Чаш оф чи

Мария Фомальгаут

Здравствуйте! Вы нас слышите? Видите? Воспринимаете как-нибудь? Слышите наш голос? Или видите строчки на экране? Если да, то дайте какой-нибудь знак, да какой – какой-нибудь, мы все равно вас не увидим и не услышим. Вы должны помочь нам. Потому что……что такое? Вам интересно, кто такие мы? Мы не можем вам этого объяснить… я думаю, важнее объяснить, кто такой вы сами. Нет, вы этого не знаете. Это вам только кажется, что вы это знаете, на самом деле ничего подобного.

Оглавление

Вообразивший охотника

–…о!…о…е! А! а… А!

Круть-круть-круть-верть-верть-верть…

— Что? Что такое? Алан! Алан!

Чаша алоэля стремительно вертится, отпущенная чьей-то рукой, придвигается все ближе и ближе к краю, почему он её не подхватывает, да чего ж ты ждешь, растяпа, почему ты не ловишь чашу, почему она стремительно вращается уже в пустоте, рушится на марморный пол, разлетается мириадами осколков, вздымает брызгами. Недоуменно смотрю на чью-то ничью руку, ну какого черта ты не ловишь, не подхватываешь, какого черта, в самом-то деле, слежу за рукой, не сразу понимаю, что это моя…

…рука?

Рука?

Рука?

Черт меня дери, не было у меня никаких рук, не было, только быстрые ноги, несущие меня через мокрый осенний лес, это не может быть моя рука, почему она двигается по моей воле, повинуется моим желаниям, неуклюже мотается туда-сюда, сбивает со стола еще одну чашу…

— Ала-а-а-н!

Каким-то куском сознания догадываюсь, что обращаются ко мне, но этого быть не может, не могут обращаться ко мне, я не Алан, как я могу быть Аланом, чтобы позвать меня, надо крикнуть… чер-р-рт, я даже не могу выговорить это своим теперешним горлом…

— Алан!

Подскакиваю, как подстреленный, да почему как, я и есть подстреленный, мне же только что прострелили хребет, и мокрый осенний лес стремительно завертелся кувырком, все больше обагряясь кровью, моей кровью. Бежать, бежать, бежать-бежать-бежать, перебирать стремительными сильными ногами, убегать от смерти, от самого себя, от…

— Алан!

И все-таки никакой ошибки, Алан — это я, это я сижу в «Лисе и Гончих», это я пью алоэль, вернее, пил, пока он не завертелся волчком и не рассыпался мириадами осколков. Откуда это, откуда, спрашиваю я себя, откуда это проклятое воспоминание о том, чего не было, я не скакал верхом на гнедом Арбалете, я не целился в стремительно ускользающий рыжий хвост, я не прострелил его в двух шагах от поваленного бука, он не завертелся огненно-рыжим вихрем, обагряя листву своей кровью…

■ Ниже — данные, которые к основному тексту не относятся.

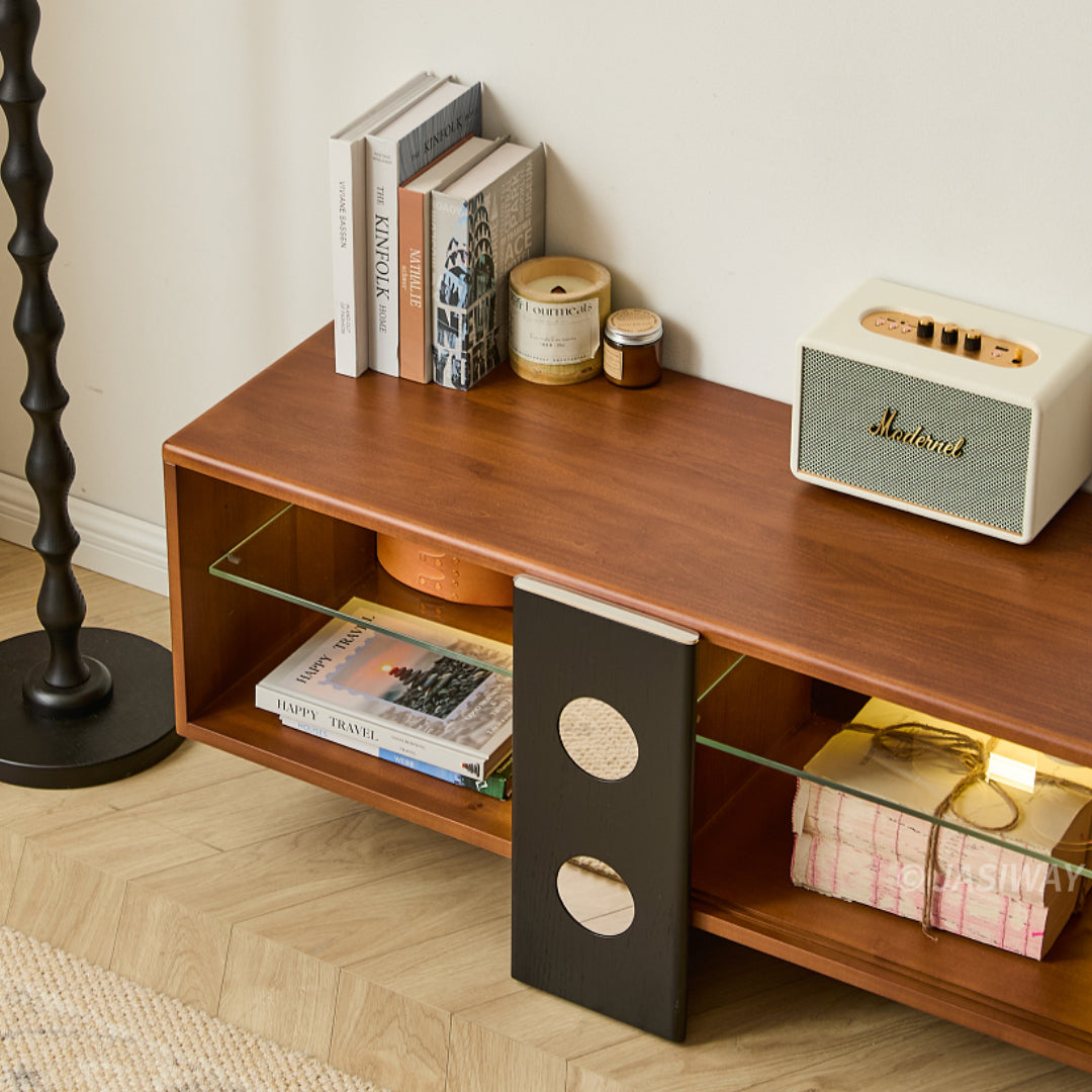 Inspired by classic mid-century modern furniture, this wooden TV cabinet with doors showcases a balanced silhouette, slim proportions, and natural textures. Available in walnut and boxwood finishes, it works beautifully as a walnut TV stand, walnut media console, or lighter-toned accent piece depending on your space.

Этого не было, говорю я себе.

Этого не могло быть.

И все-таки…

— Алан?

Кто-то трясет меня за плечи, я и не знал, что у меня есть плечи, и за них можно трясти, а ведь нате вам плечи, и за них трясут, Алан, Алан, ну что такое, Алан, да очнись же, ты чего, заснул, что ли…

— А… да… пойду, полежу…

Поднимаюсь наверх по шаткой лестнице, ноги меня не слушаются, ну еще бы, я пользуюсь ими первый раз в жизни, до этого у меня таких ног не было. Спохватываюсь, что делаю что-то не так, понять бы еще, что именно, а, ну да, это же не мой дом, я же живу не здесь, и мне еще идти через весь городок, а зачем мне идти через весь городок, если мой дом стоит напротив, а затем, что я не помню, где мой дом, я не могу этого помнить, ведь я, это не я…

Дом кажется непривычно большим, непривычно шумным, непривычно гулким, мне не хочется спать на этой скрипящей кровати, и в то же время я нахожу её необычайно уютной, а мысли о родной норе вызывают оторопь. Заставляю себя полюбить свою нору, черт возьми, полюбить любой ценой, я должен быть очарован норой, я люблю нору, особенно долгие-долгие вечера, когда можно затаиться ото всех где-нибудь в глубине, открыть очередную историю о похождениях Охотника, читать страницу за страницей, как он стрелял стремиетльных оленей, юрких зайцев и шустрых лис, слышать недовольное ворчание отца, опять ты жжешь свет, жда сколько же можно, тебе говорят, пообещать себе — обязательно-обязательно — что когда я стану взрослым, то буду читать, сколько захочу, и покупать книжки, сколько захочу, и никто мне ничего не сделает, никто-никто и ничего-ничего. Забираюсь на постель, раскрываю наугад толстый том на полке возле кровати, — так и есть, «охотник пришпорил своего Арбалета и направился в чашу, подернутую первыми проблесками зимы — чтобы увидеть, как стремительно ускользает в чаще рыжий хвост…»

–…вы читали… и представляли себя охотником на лис?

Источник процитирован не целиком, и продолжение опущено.